Y así, con los cientos de lei pesándole una barbaridad en el bolsillo interior de los pantalones, se encaminó K. a su siguiente parada. Este puesto fronterizo era algo más amplio, algo más blancas sus paredes, suelo de baldosas. Incluso ventanillas a las que aproximarse. Con su inmaculado pasaporte en mano, fue hasta una de ellas.
-Buenos días, señor policía sonriente con cara de pito.
-Buenos días, señor turista incauto ávido de aventurillas con las que copar la atención de sus amigos en sus reuniones post-vacacionales. Pasaporte.
-Sí, claro, aquí tiene.
-¿Habla usted ruso? Su nombre de pila, por si no lo había notado usted, es ruso. ¿Por qué?
-Oh, no, verá, es que mi familia...
-Ha, ha, ha, ha. Claro. Ha, ha, ha, ha. Acompáñeme, haga usted el favor. Sí, al cuartito trasero, sí, no ponga usted esa cara que no le va a pasar nada. ¿No ve que, ahora mismo, no está usted en ninguna parte?
-Hummmm, es verdad; visto así, me siento muchísimo más seguro, le acompaño donde usted quiera, señor comunista, faltaría más.
El cuartito trasero era, en efecto, un cuartito situado en la parte de atrás del puesto. De ahí su nombre. En él dos fotografías enmarcadas que K. supuso eran paisajes de la república, una mesa, un par de sillas libres y otra más ocupada por un superior de cara de pito. Éste trasteaba con suma atención en un teléfono móvil; de hecho, era tanta la atención que esta actividad parecía requerirle que ni una sola vez levantó la vista para mirar al turista.
-Bien, -dijo el primer policía- el visado son cuarenta maravedíes.
-¿Cómo? Oh, vaya, verá, es que... acabo de darle todo mi dinero a los militares.
-HA, HA, HA, HA, HA. ¿A los militares? ¿Y se puede saber por qué le ha dado usted todo su dinero a los militares? ¡Si ellos ni tan solo pueden proporcionarle un visado!
-Bueno, verá usted, es que yo me rijo por tres máximas en la vida: hay que tirar las varitas de merluza a la sartén cuando el aceite está caliente pero no demasiado (que si no arden, ;p), no debe uno toquetearse jamás las espinillas en los diez minutos previos a salir de casa, y, por último pero no por ello menos importante, siempre se debe obedecer a quien te pide algo con una metralleta colgada del hombro. Llámeme inflexible si quiere, pero yo estas normas no las quebranto jamás.

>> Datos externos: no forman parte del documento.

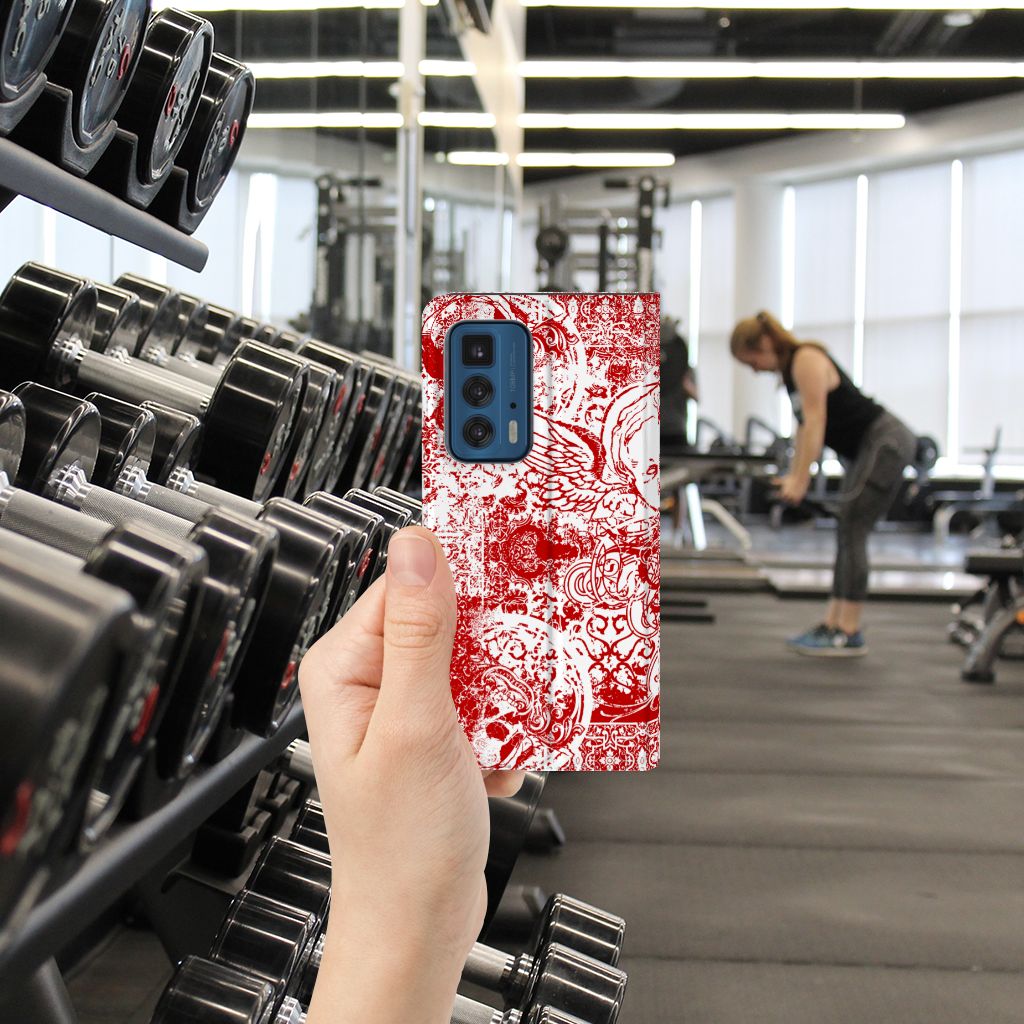 Mobiel BookCase Motorola Edge 20 Pro Angel Skull Rood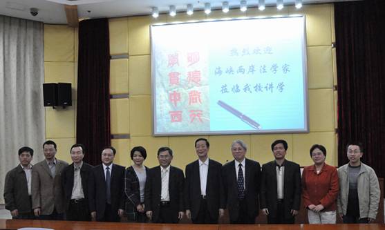 本网讯 (记者:吴爱弟 吴丹妍 摄影:杜敏宜) 2010年3月28日晚7:30,著名法学家、中国法学会行政法学研究会会长、中国政法大学终身教授应松年先生,中国法学会行政法学研究会副会长、中国政法大学博士生导师刘莘教授,台湾行政法学会秘书长、台湾国立政治大学教授刘宗德博士,台湾原人事行政局局长、东吴大学教授陈清秀博士莅临公司,与公司伟德体育师生共聚一堂,就两岸的法治进程与现实的社会法学问题进行了深刻的探讨。石佑启副董事长主持了讲座。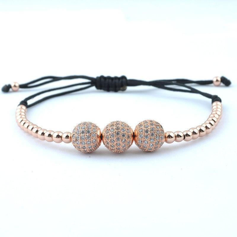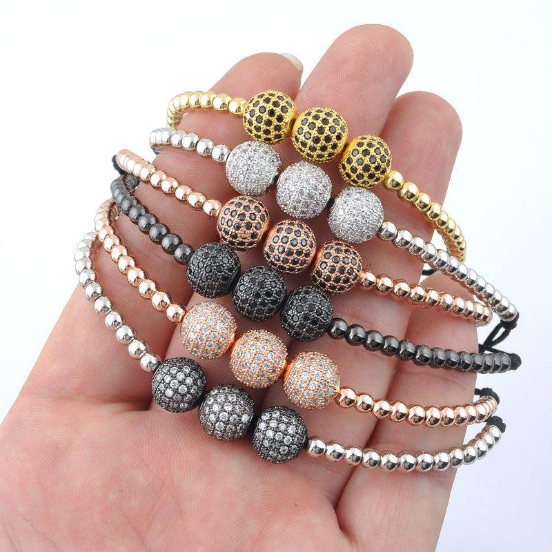 - Crafted with three 10m 18kt gold plated zircon discos ball and 4mm 18kt gold plated beads.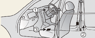 The seat belt pre-tensioner system consists mainly of the following components. Their locations are shown in the illustration:

-¿Sí? Bueno, pues allá usted. Yo personalmente prefiero salir con un bulto rojo en la cara que con uno blanco, pero cada cual elige su menor mal. Bueno, lo que le decía, que tiene usted que darnos cuarenta maravedíes si quiere pasar. Yo le doy una tarjetita que después usted nos devuelve al salir, y todos tan contentos.
-Pero, verá usted, señor policía. Es que, como le he comentado, todo mi dinero se lo han quedado los militares (y el fajo del bolsillo interior pesaba más y más). Solo tengo... veamos... tres lei y un billete de cinco maravedíes. Pero verán, camaradas, yo con estar un par de horas en su fabulosa república ya soy feliz. Es que mi familia es comunista... (blablabla), y, además, no sé si han reparado ustedes en que mi cumpleños coincide con su día nacional. Por favor, les aseguro que esto es sumamente importante para mí. Verán, llevaba bastantes años ya en un pueblecito intentando averiguar para qué me querían allí, y este es el primer viaje que realizo tras semejante prueba. Les ruego que no me hagan esto.

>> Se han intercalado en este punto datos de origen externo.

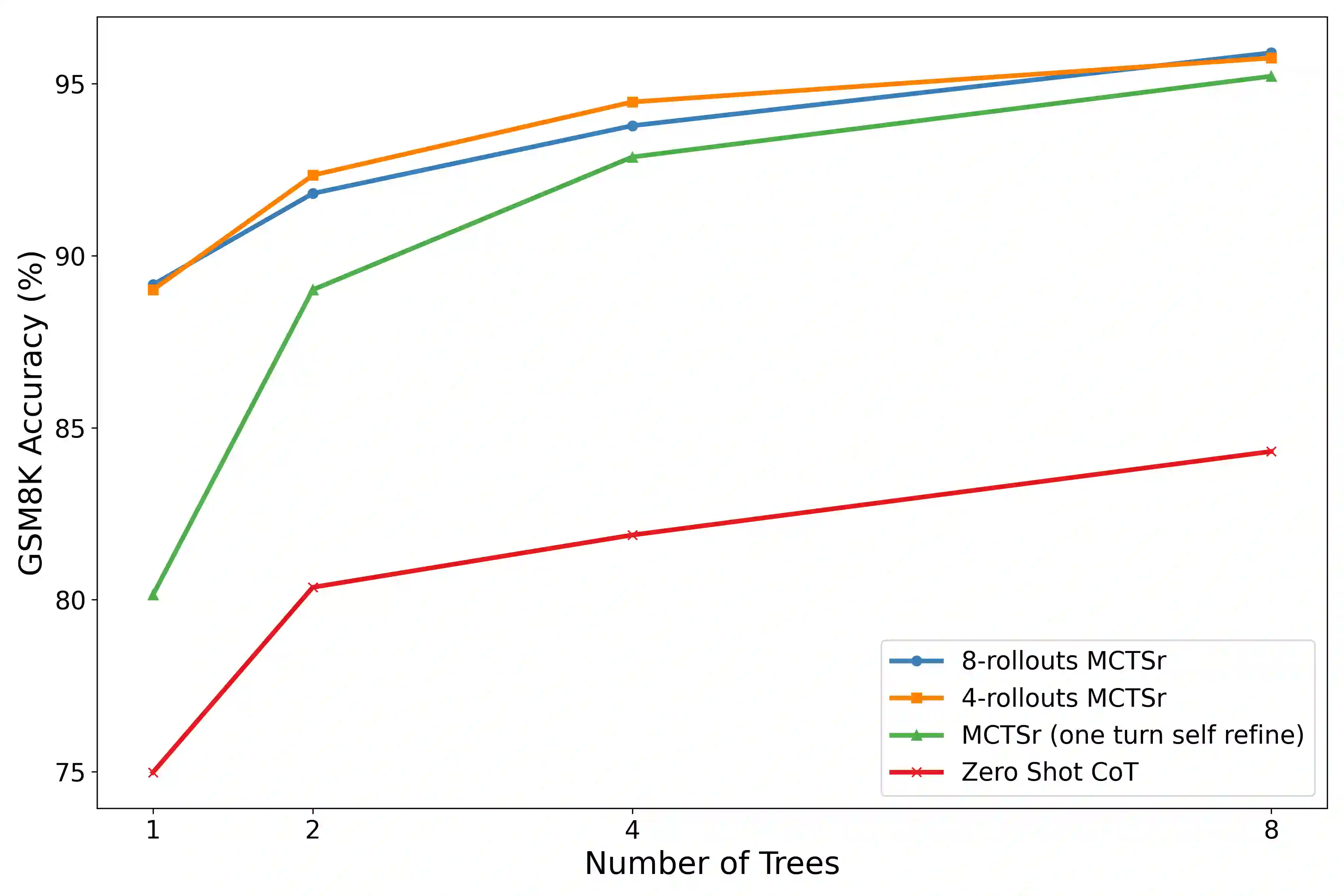 翻译:大语言模型(LLMs)在各种语言任务中展现出卓越能力,但解决复杂推理问题仍是重大挑战。现有方法如思维链(CoT)和思维树(ToT)通过分解问题或结构化提示来增强推理,但通常仅执行单次推理且难以修正错误路径,影响准确性。为突破此局限,我们提出名为思维森林(FoT)的新型推理框架,该框架整合多棵推理树以利用集体决策解决复杂逻辑问题。FoT采用稀疏激活策略选择最相关推理路径,提升效率与准确性。此外,我们引入动态自校正策略实现实时纠错,并结合共识引导决策策略以优化正确性与计算资源。实验结果表明,FoT框架结合这些策略能显著增强LLMs的推理能力,使其以更高精度和效率解决复杂任务。代码发布于 https://github.com/iamhankai/Forest-of-Thought。

-Lo siento. No hay maravedíes, no hay república comunista. A tomar por culo.
Y así, con incluso menos fe que antes en el sistema, cabeza gacha, la pesada mochila a cuestas, aprovechando que un soldado con gorra de plato levantaba la valla para que pudiera salir de aquel fantástico país (o país fantástico) un Mercedes gris metalizado, K. taconeó tres veces con sus all stars rojas ("¡quiero volver a casa, quiero volver a casa, quiero volver a casa!") y se halló, ¡chas!, de vuelta en el mundo real.